• What this task involves: Make an exact copy of all the entries, with the pictures left out.

________________________

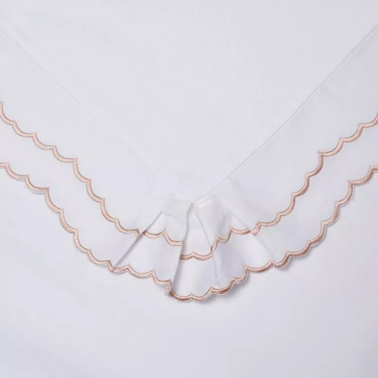 Fall into a silk-soft bliss with this delicately designed Chyka Sweetheart Sateen Sheet Set from the Chyka Home collection. This cotton sateen sheet set is touched off with elegant baby pink stitching and frilled edges that are feathery to the touch, featuring a 300 thread count cotton sateen that will make you feel as though you are drifting off to sleep amongst the clouds. Pair this gorgeous design with our Sweetheart Cotton Sateen Euro Pillowcase Pair to allow your bedroom to transform into a gentle oasis.
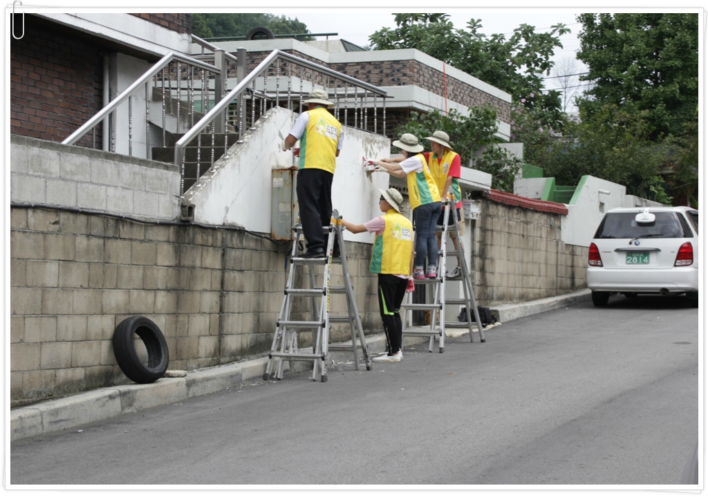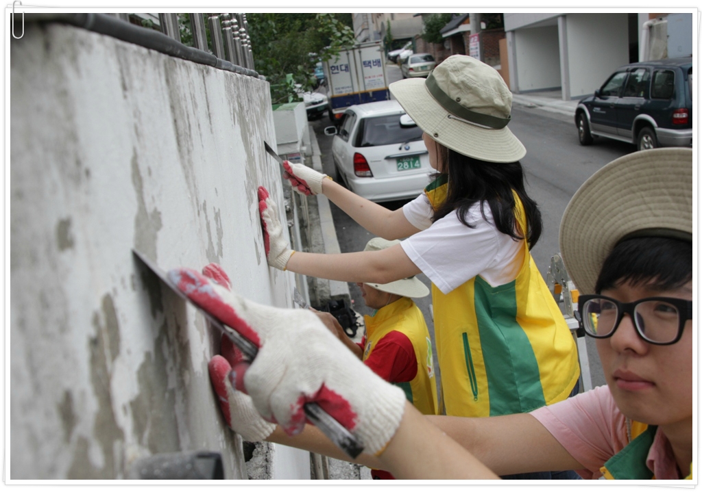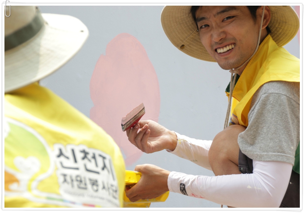 무채색의 담벼락을 살려내는 손끝에 정성과 사랑을 가득 담아
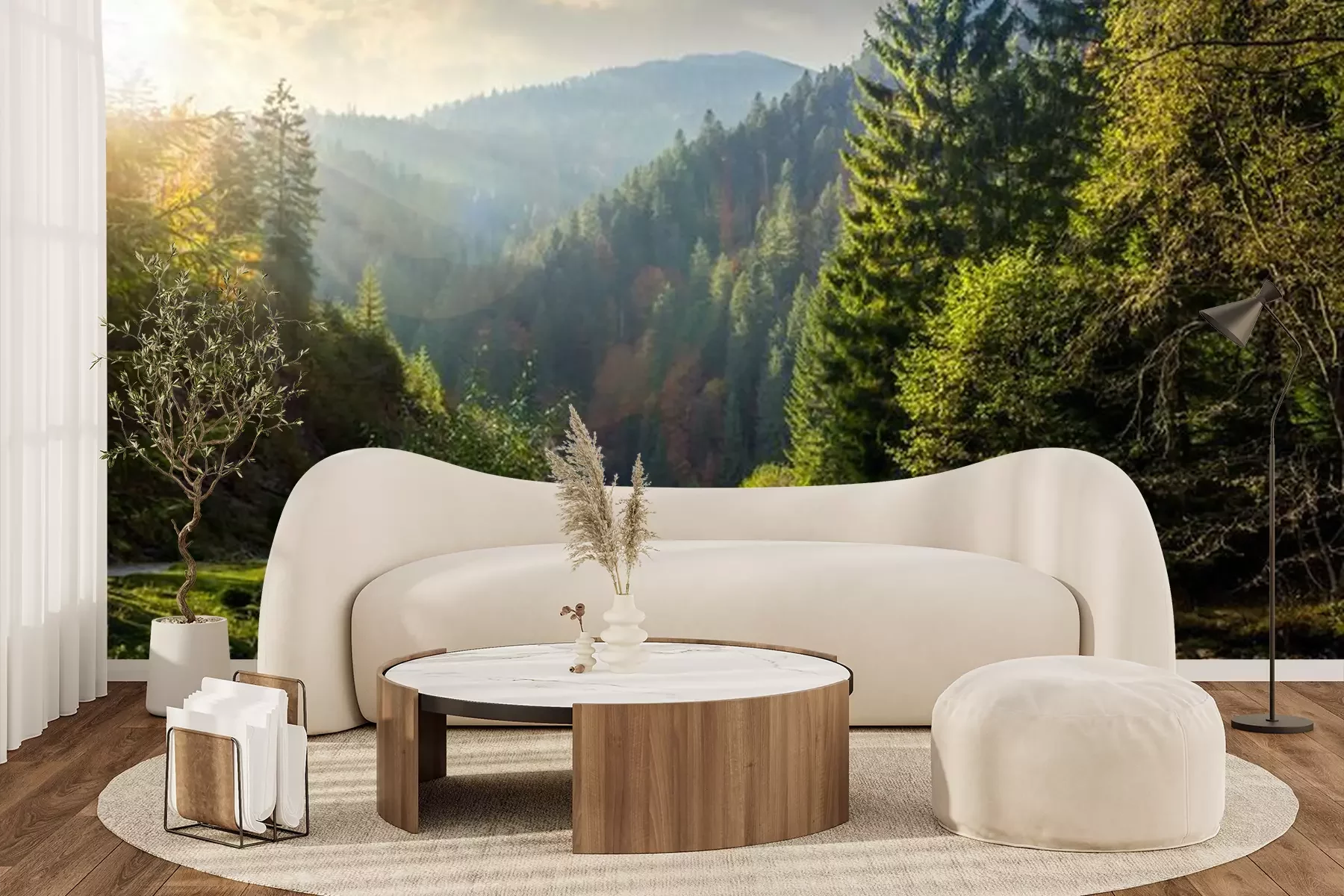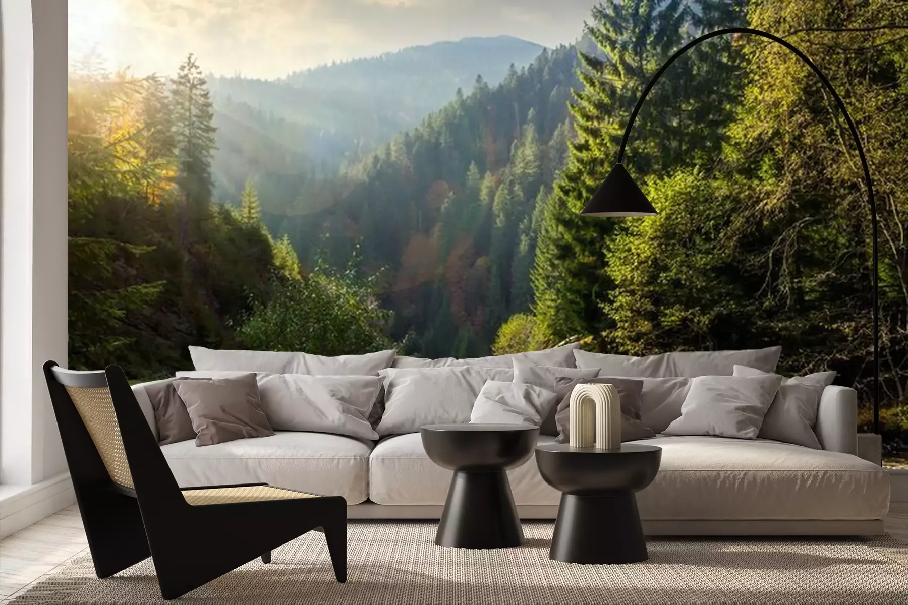 Zonsopgang boven een naaldbos in de mistProbleemloze bezorging verzorgd door vertrouwde vervoerders
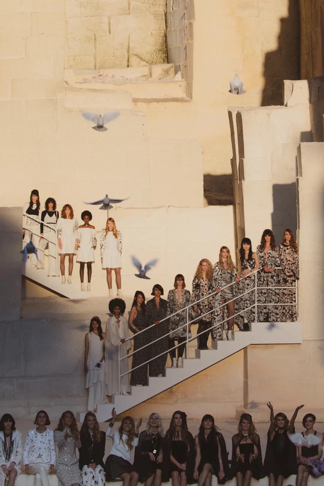 5月5日0點(diǎn),CHANEL 2022早春度假系列于法國(guó)南部普羅旺斯萊博村莊的光影采石場(chǎng)發(fā)布,創(chuàng)意總監(jiān) Virginie Viard 以香奈兒女士的摯友尚·考克多和他的電影《奧菲斯的遺囑》中采石場(chǎng)場(chǎng)景一幕為靈感打造全新系列。
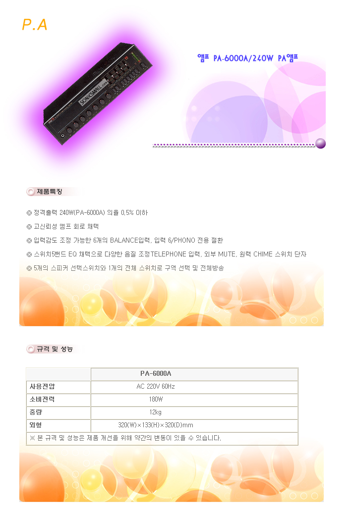 [ÀÎÅÍ¿¥] P.A ¾ÚÇÁ PA-6000A/240W PA¾ÚÇÁ
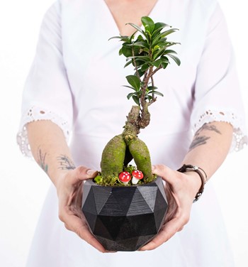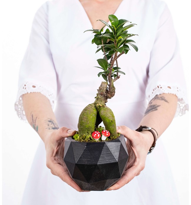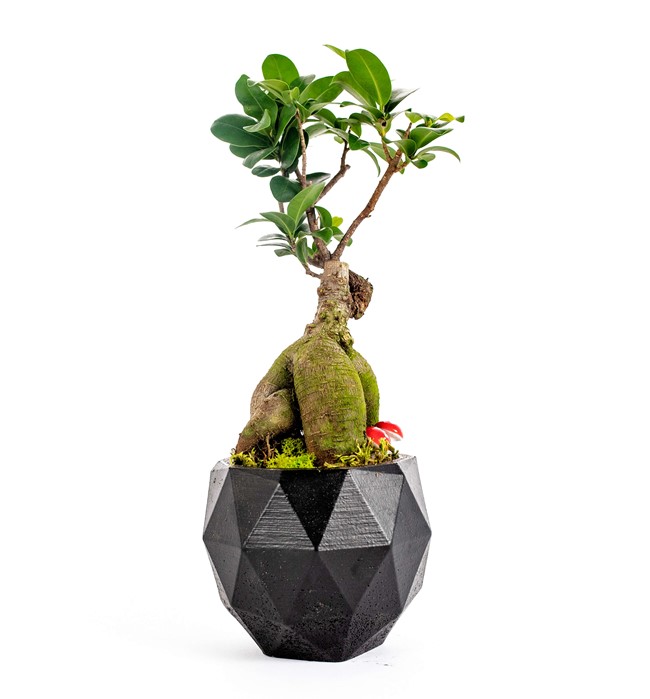 Geometrik Saksıda Ficus Ginseng Bonsai Tasarım - Black
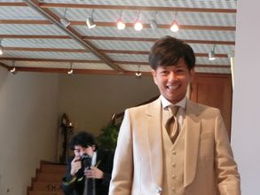 健ちゃん、ベージュのスーツで登場

________________________

• Result of this exercise:
 Fall into a silk-soft bliss with this delicately designed Chyka Sweetheart Sateen Sheet Set from the Chyka Home collection. This cotton sateen sheet set is touched off with elegant baby pink stitching and frilled edges that are feathery to the touch, featuring a 300 thread count cotton sateen that will make you feel as though you are drifting off to sleep amongst the clouds. Pair this gorgeous design with our Sweetheart Cotton Sateen Euro Pillowcase Pair to allow your bedroom to transform into a gentle oasis.
 무채색의 담벼락을 살려내는 손끝에 정성과 사랑을 가득 담아
 Zonsopgang boven een naaldbos in de mistProbleemloze bezorging verzorgd door vertrouwde vervoerders
 5月5日0點(diǎn),CHANEL 2022早春度假系列于法國(guó)南部普羅旺斯萊博村莊的光影采石場(chǎng)發(fā)布,創(chuàng)意總監(jiān) Virginie Viard 以香奈兒女士的摯友尚·考克多和他的電影《奧菲斯的遺囑》中采石場(chǎng)場(chǎng)景一幕為靈感打造全新系列。
 [ÀÎÅÍ¿¥] P.A ¾ÚÇÁ PA-6000A/240W PA¾ÚÇÁ
 Geometrik Saksıda Ficus Ginseng Bonsai Tasarım - Black
 健ちゃん、ベージュのスーツで登場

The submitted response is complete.